[Records drawn from a dataset]

★ ★ ★ ★

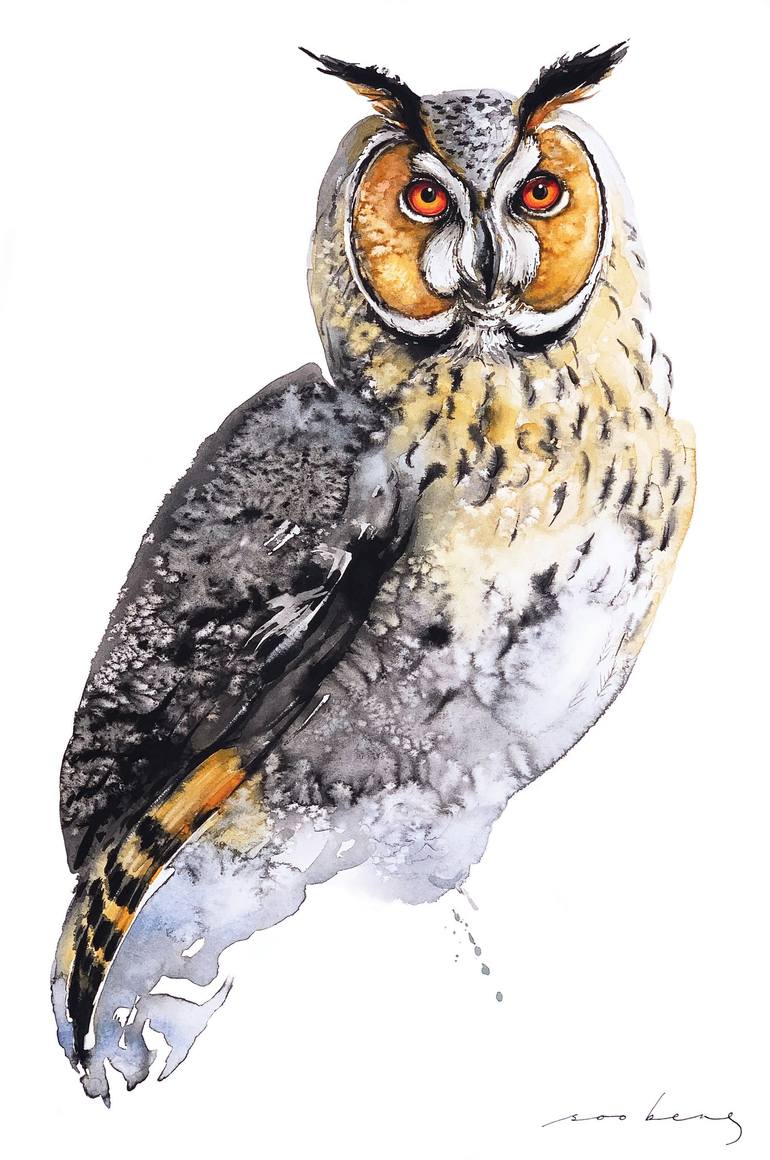 The owl’s expression is a blend of wisdom and mystery, its round eyes locked in a deep, almost hypnotic stare. In the stillness of the drawing, it feels as though the owl is silently judging the world with the quiet authority of nature’s oldest observer. Ink and watercolour on Saunders Waterford 300...
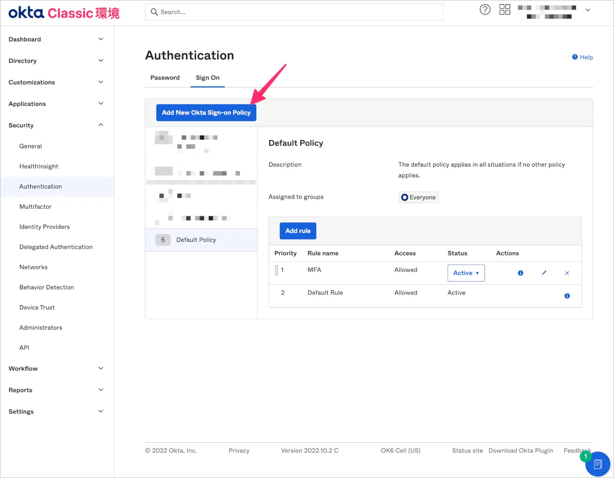 - Classic環境のOkta管理画面でSecurity>Authenticationに移動し、Sign OnタブからAdd New Okta Sign-on Policyをクリックします。
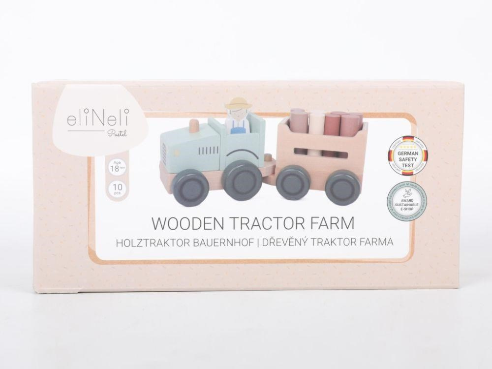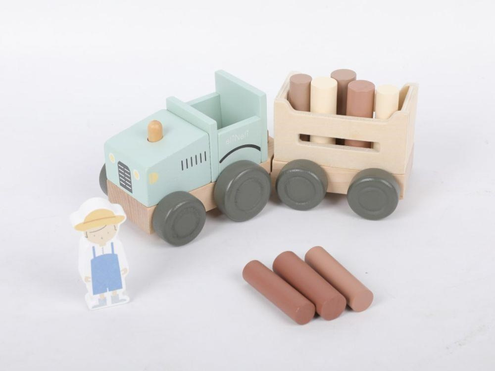 Parádní dřevěný traktor v jemné zelenkavé barvě, s traktoristou, vlečkou a nákladem v podobě klád (dřevěný válečků), promění děti ve skutečné farmáře. S tímto dřevěným traktorem se děti vydají do lesa na dříví, mohou převážet zvířátka z farmy a jakékoliv jiné hračky, kostky, co se jim podaří na vlečku naložit. Při hře s traktůrkem děti hrají role, zdokonalují motorické dovednosti a koordinaci očí a rukou..
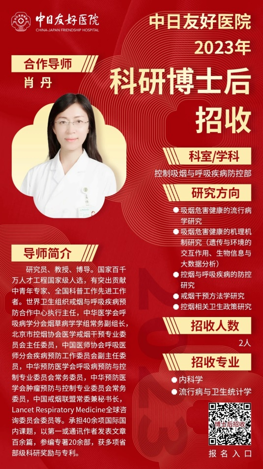 为加快高层次创新型青年人才培养,推动烟草病学领域科研和技术创新,中日友好医院烟草病学课题组现公开招收科研博士后,热忱欢迎优秀青年才俊加入我们!
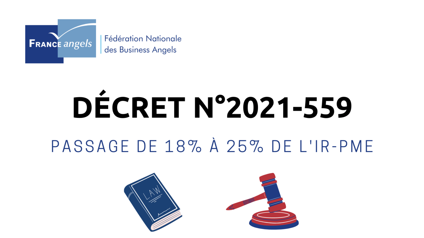 Nous vous invitons à prendre connaissance du Décret n°2021-559 du 6 mai 2021 qui fixe le passage de 18 à 25% de l’IR-PME lorsque vous investissez dans une PME au sens européen du terme. Obtenez plus d’informations en lisant le Décret ici.
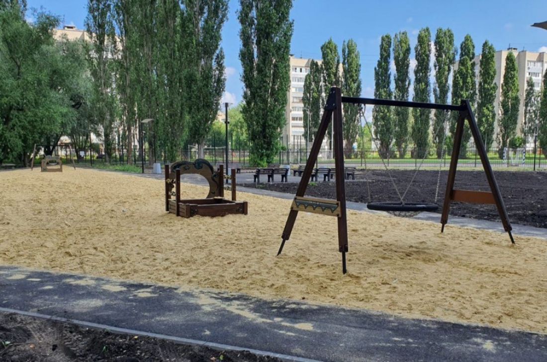Особое внимание было уделено детской площадке. Новые качели уже стали популярны у местных жителей. Сейчас рабочие выравнивают площадку, чтобы оборудовать место для игр и занятий спортом.
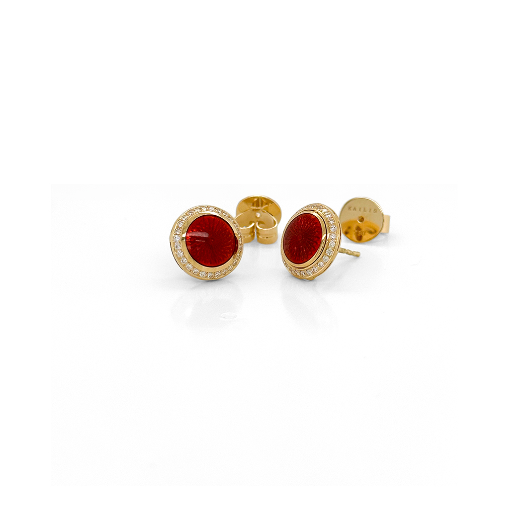 The red Guilloché enamel is surrounded by 0.29cts of sparkling white diamonds set in 18ct yellow gold.
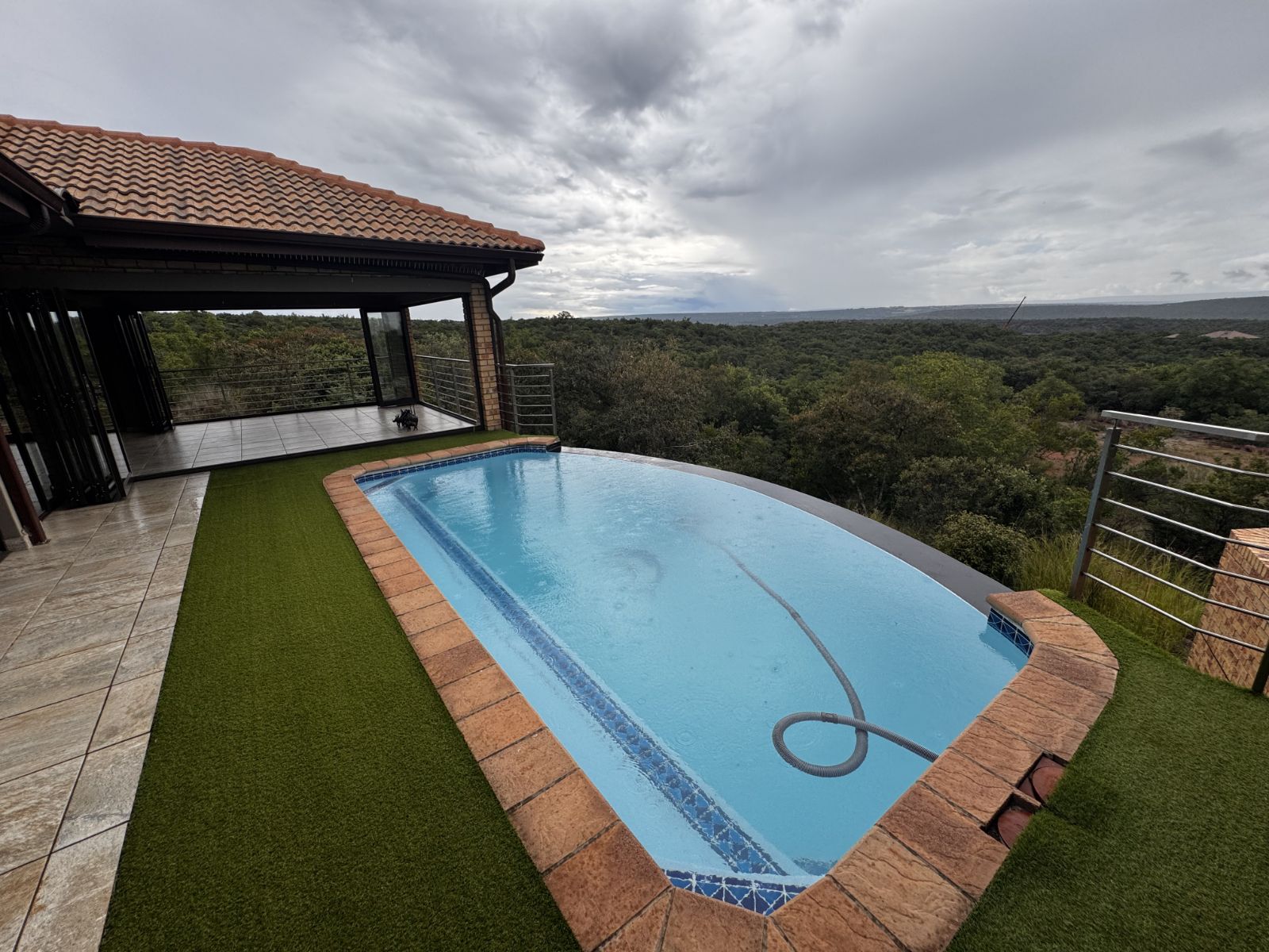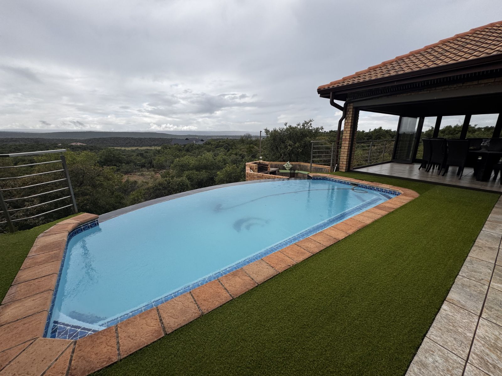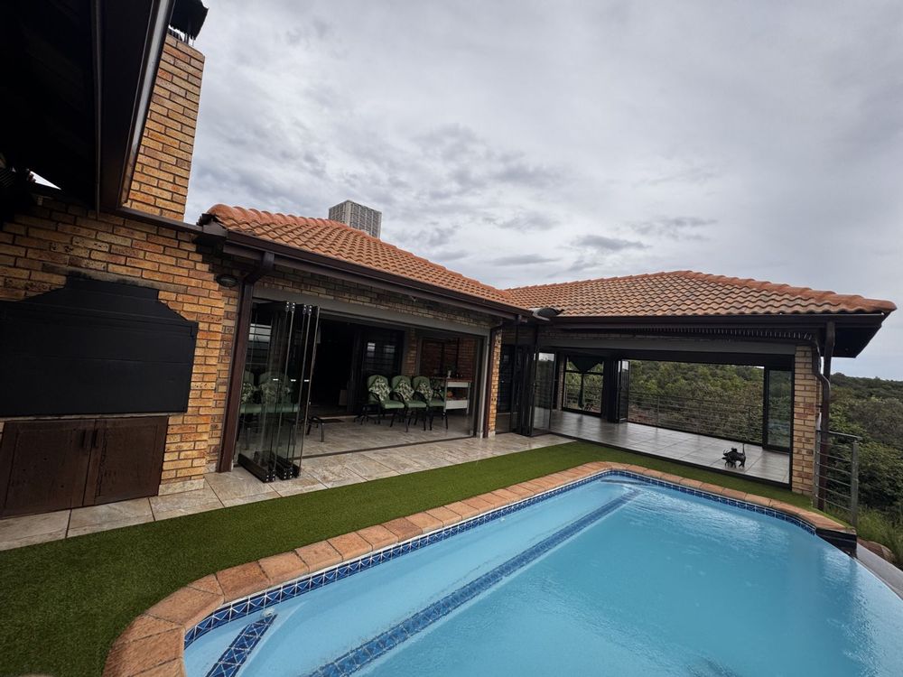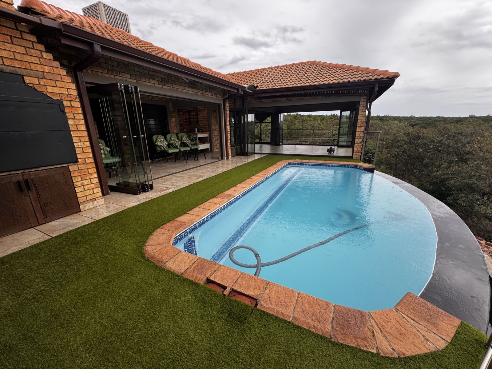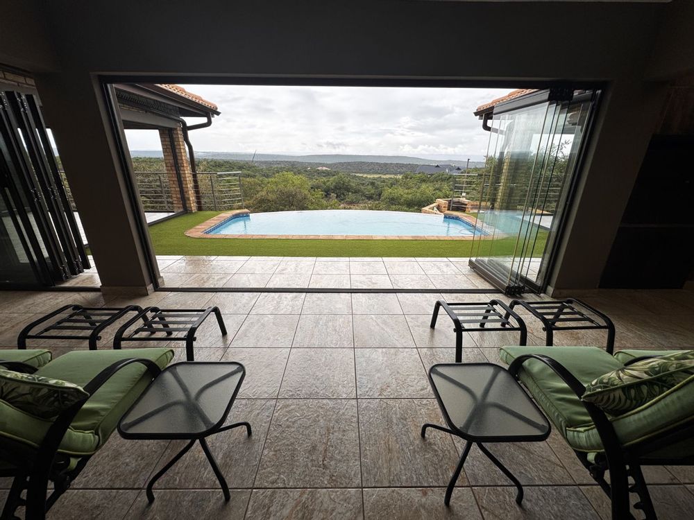 Upon entering the house, you’re immediately struck by the breathtaking views that greet you. The open-plan kitchen and living room area flows seamlessly into an expansive outdoor entertainment space. The entertainment area is fully customizable with sliding, foldable aluminum doors, allowing you to adjust the space to your preference. Enjoy a heated pool with a 12 kW heat pump, a dual-sided braai area, and a wash-up section with built-in cupboards.
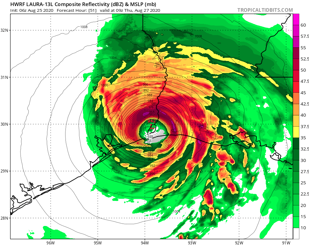First center pass of NOAA RECON suggests Laura continues to strengthen. Estimated Extrapolated 992mb.
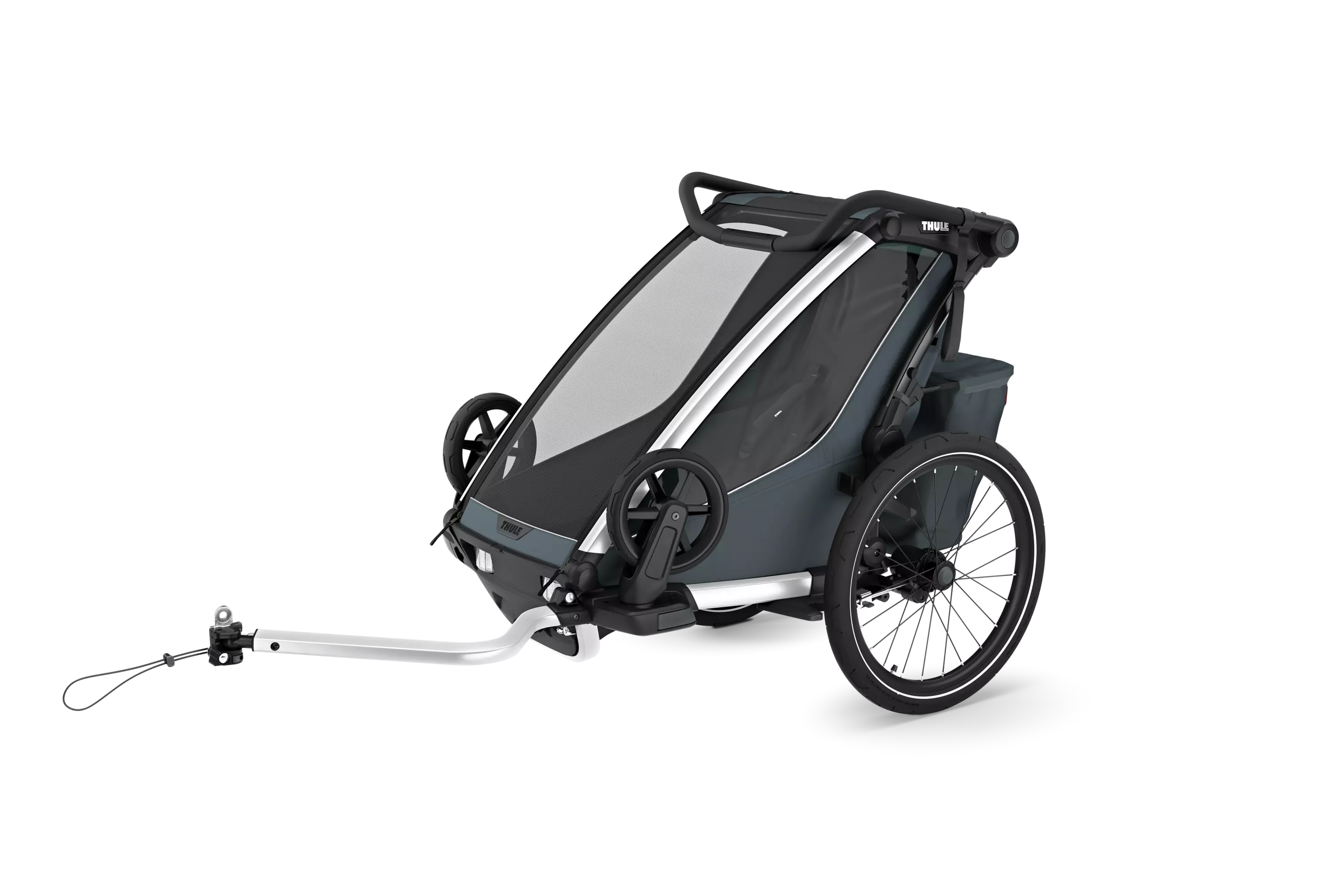 Chariot Cross 2 urheilukärryn ergonomiset istuimet saadaan kallistettua vain yhdellä kädellä päiväunia varten. Plyysivuoratut istuimet ovat miellyttävän pehmeät ja mukavat pitkilläkin lenkeillä. Istuinten modulaarisuuden ansioista kärryyn voi laittaa yhden lapsen istumaan keskelle, tai kaksi lasta kummallekin puolelle. Urheilukärryn mukana tulee sadesuoja ja aurinkokuomu. Säädettävä jousitus tekee matkasta aina miellyttävää lapselle yhdessä ilmavirtausta optimoivien tuuletusaukkojen kanssa. Erillinen XL-tavaratila voidaan siirtää sivuun lenkkeilyn ajaksi. Chariot Cross 2 urheilukärryn uudistettu vetoaisa mahdollistaa peräkärryn helpon ja turvallisen kiinnityksen polkupyörään vain yhdellä kädellä. Urheilukärryssä on irroitettava Thule Delight -takavalo, sekä heijastimet sivuilla ja pyörissä.

★ ★ ★ ★

> _What you are asked to do_: Give the data above again exactly. Leave the pictures out.

> _Reply to the task_:
 The owl’s expression is a blend of wisdom and mystery, its round eyes locked in a deep, almost hypnotic stare. In the stillness of the drawing, it feels as though the owl is silently judging the world with the quiet authority of nature’s oldest observer. Ink and watercolour on Saunders Waterford 300...
 - Classic環境のOkta管理画面でSecurity>Authenticationに移動し、Sign OnタブからAdd New Okta Sign-on Policyをクリックします。
 Parádní dřevěný traktor v jemné zelenkavé barvě, s traktoristou, vlečkou a nákladem v podobě klád (dřevěný válečků), promění děti ve skutečné farmáře. S tímto dřevěným traktorem se děti vydají do lesa na dříví, mohou převážet zvířátka z farmy a jakékoliv jiné hračky, kostky, co se jim podaří na vlečku naložit. Při hře s traktůrkem děti hrají role, zdokonalují motorické dovednosti a koordinaci očí a rukou..
 为加快高层次创新型青年人才培养,推动烟草病学领域科研和技术创新,中日友好医院烟草病学课题组现公开招收科研博士后,热忱欢迎优秀青年才俊加入我们!
 Nous vous invitons à prendre connaissance du Décret n°2021-559 du 6 mai 2021 qui fixe le passage de 18 à 25% de l’IR-PME lorsque vous investissez dans une PME au sens européen du terme. Obtenez plus d’informations en lisant le Décret ici.
Особое внимание было уделено детской площадке. Новые качели уже стали популярны у местных жителей. Сейчас рабочие выравнивают площадку, чтобы оборудовать место для игр и занятий спортом.
 The red Guilloché enamel is surrounded by 0.29cts of sparkling white diamonds set in 18ct yellow gold.
 Upon entering the house, you’re immediately struck by the breathtaking views that greet you. The open-plan kitchen and living room area flows seamlessly into an expansive outdoor entertainment space. The entertainment area is fully customizable with sliding, foldable aluminum doors, allowing you to adjust the space to your preference. Enjoy a heated pool with a 12 kW heat pump, a dual-sided braai area, and a wash-up section with built-in cupboards.
First center pass of NOAA RECON suggests Laura continues to strengthen. Estimated Extrapolated 992mb.
 Chariot Cross 2 urheilukärryn ergonomiset istuimet saadaan kallistettua vain yhdellä kädellä päiväunia varten. Plyysivuoratut istuimet ovat miellyttävän pehmeät ja mukavat pitkilläkin lenkeillä. Istuinten modulaarisuuden ansioista kärryyn voi laittaa yhden lapsen istumaan keskelle, tai kaksi lasta kummallekin puolelle. Urheilukärryn mukana tulee sadesuoja ja aurinkokuomu. Säädettävä jousitus tekee matkasta aina miellyttävää lapselle yhdessä ilmavirtausta optimoivien tuuletusaukkojen kanssa. Erillinen XL-tavaratila voidaan siirtää sivuun lenkkeilyn ajaksi. Chariot Cross 2 urheilukärryn uudistettu vetoaisa mahdollistaa peräkärryn helpon ja turvallisen kiinnityksen polkupyörään vain yhdellä kädellä. Urheilukärryssä on irroitettava Thule Delight -takavalo, sekä heijastimet sivuilla ja pyörissä.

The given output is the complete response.